The domain if the function #f(x) = frac 1 (x(x-3)^2)# is the union of the intervals #(-oo,3) uu (0,3) uu (3,+oo)#.
First we analyze the behavior of the function on the boundaries of its domain:
#lim_(x->-oo) frac 1 (x(x-3)^2) = 0#
#lim_(x->+oo) frac 1 (x(x-3)^2) = 0#
#lim_(x->0^-) frac 1 (x(x-3)^2) = -oo#
#lim_(x->0^+) frac 1 (x(x-3)^2) = +oo#
#lim_(x->3) frac 1 (x(x-3)^2) = +oo#
So we can see that #f(x)# has an horizontal asymptote for #y=0# and a vertical asymptotes for #x=0# and #x=3#.

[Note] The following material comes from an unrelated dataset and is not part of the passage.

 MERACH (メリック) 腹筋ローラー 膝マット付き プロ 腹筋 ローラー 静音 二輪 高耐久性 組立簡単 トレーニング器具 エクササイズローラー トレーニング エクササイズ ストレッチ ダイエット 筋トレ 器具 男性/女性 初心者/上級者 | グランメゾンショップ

Then we calculate the first derivative using the chain rule:
#f'(x) = -frac 1 (x^2(x-3)^4) ((x-3)^2+ 2x(x-3)) = -frac ((x-3)(x-3+2x)) (x^2(x-3)^4) = -frac (3(x-1)) (x^2(x-3)^3) #
We can see that the only critical point is for #x=1#
The second derivative is extremely complex to calculate, so we rather solve the disequation:
#f'(x) > 0#
around #x=1#.
We see that #f(x) < 0# for #x<1# and #f(x) > 0# for #x>1# so the point #x=1# is a minimum.